Exercise inputs Start Marker

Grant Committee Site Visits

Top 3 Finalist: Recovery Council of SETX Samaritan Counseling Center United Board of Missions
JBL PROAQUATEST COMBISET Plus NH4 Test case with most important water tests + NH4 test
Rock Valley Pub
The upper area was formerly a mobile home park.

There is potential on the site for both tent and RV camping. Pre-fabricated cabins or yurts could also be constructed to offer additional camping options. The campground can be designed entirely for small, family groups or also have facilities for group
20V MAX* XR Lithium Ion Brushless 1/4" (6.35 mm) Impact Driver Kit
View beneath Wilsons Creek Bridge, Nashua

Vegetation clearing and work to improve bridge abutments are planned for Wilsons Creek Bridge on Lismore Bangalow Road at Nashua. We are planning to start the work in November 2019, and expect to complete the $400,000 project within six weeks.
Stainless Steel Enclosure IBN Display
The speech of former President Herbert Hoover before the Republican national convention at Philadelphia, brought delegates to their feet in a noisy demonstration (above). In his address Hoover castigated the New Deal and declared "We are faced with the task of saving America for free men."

Exercise inputs End Marker
Exercise inputs Start Marker

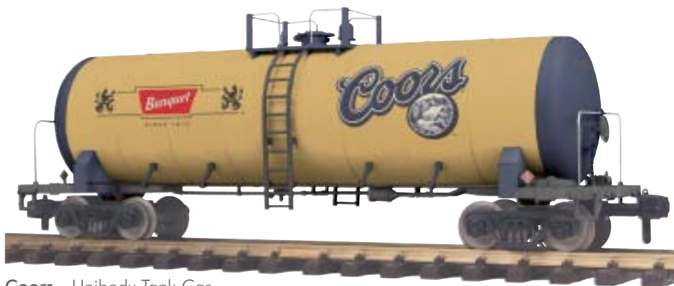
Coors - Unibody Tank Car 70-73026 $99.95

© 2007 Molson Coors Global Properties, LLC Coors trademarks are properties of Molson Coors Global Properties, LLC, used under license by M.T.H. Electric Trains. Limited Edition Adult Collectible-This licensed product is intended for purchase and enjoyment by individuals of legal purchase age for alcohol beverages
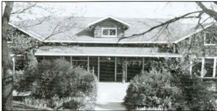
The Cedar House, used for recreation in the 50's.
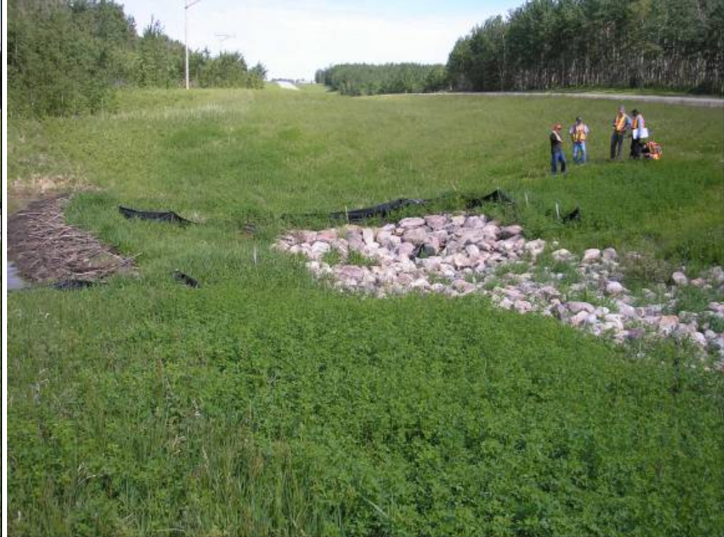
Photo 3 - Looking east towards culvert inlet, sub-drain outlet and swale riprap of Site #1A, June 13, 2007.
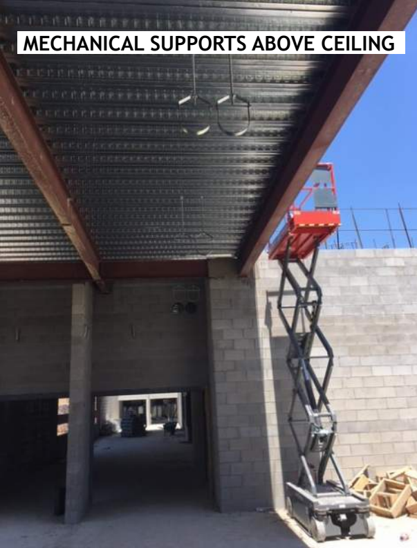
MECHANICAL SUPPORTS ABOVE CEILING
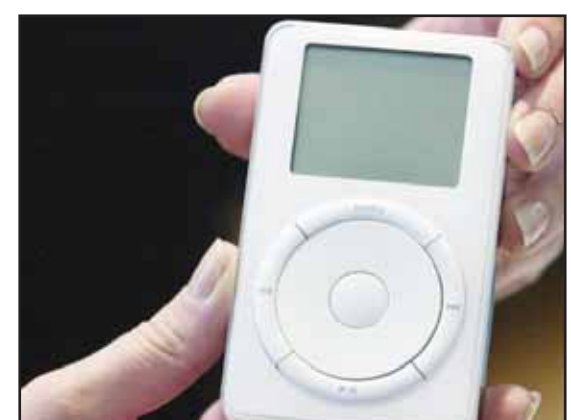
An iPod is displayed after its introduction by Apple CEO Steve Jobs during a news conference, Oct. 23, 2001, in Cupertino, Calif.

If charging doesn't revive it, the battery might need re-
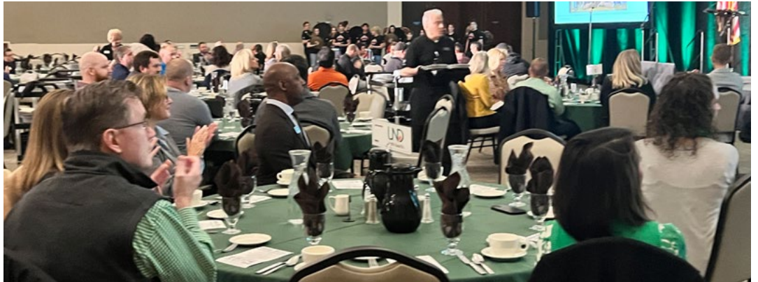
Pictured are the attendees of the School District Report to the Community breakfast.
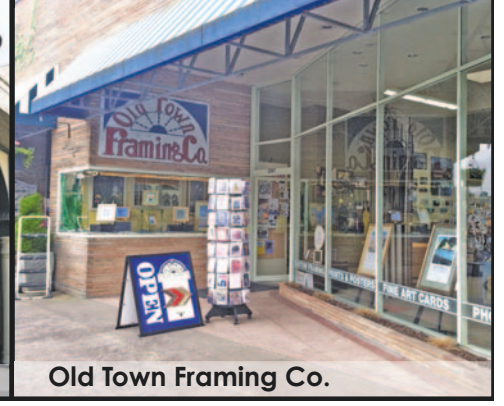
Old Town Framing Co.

Exercise inputs End Marker
Exercise inputs Start Marker

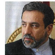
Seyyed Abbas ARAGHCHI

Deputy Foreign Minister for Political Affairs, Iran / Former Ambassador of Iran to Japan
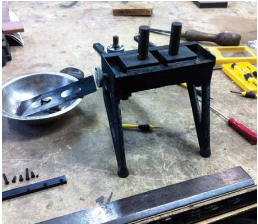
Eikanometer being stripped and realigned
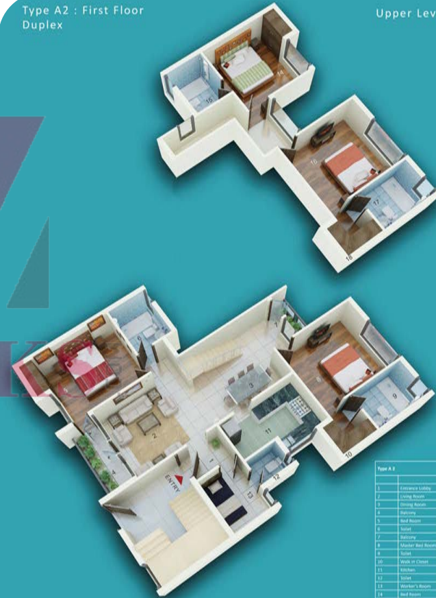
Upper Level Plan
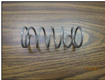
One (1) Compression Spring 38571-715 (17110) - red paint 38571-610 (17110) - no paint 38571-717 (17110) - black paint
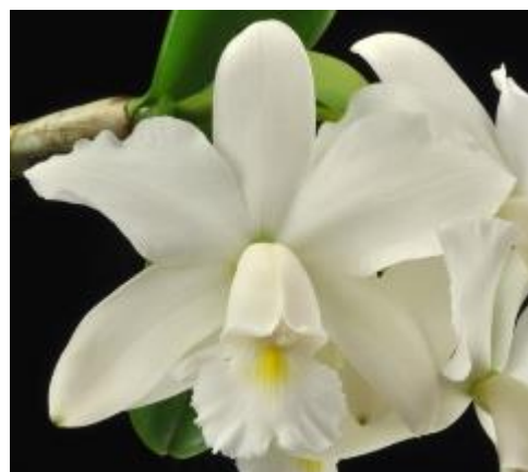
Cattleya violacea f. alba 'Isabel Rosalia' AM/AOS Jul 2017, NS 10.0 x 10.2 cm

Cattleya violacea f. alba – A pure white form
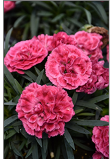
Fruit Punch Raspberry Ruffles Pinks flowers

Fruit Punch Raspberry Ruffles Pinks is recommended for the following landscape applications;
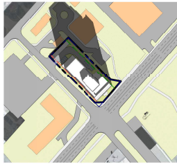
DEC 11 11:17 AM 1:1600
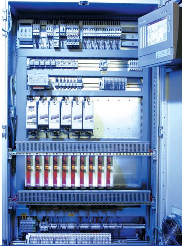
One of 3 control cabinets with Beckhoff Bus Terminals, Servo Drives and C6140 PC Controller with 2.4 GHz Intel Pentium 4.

Exercise inputs End Marker

# Exercise requirements:
Locate the word "Cattleya" in the entries, and copy every line where it is found.

# Answer space:
Cattleya violacea f. alba 'Isabel Rosalia' AM/AOS Jul 2017, NS 10.0 x 10.2 cm
Cattleya violacea f. alba – A pure white form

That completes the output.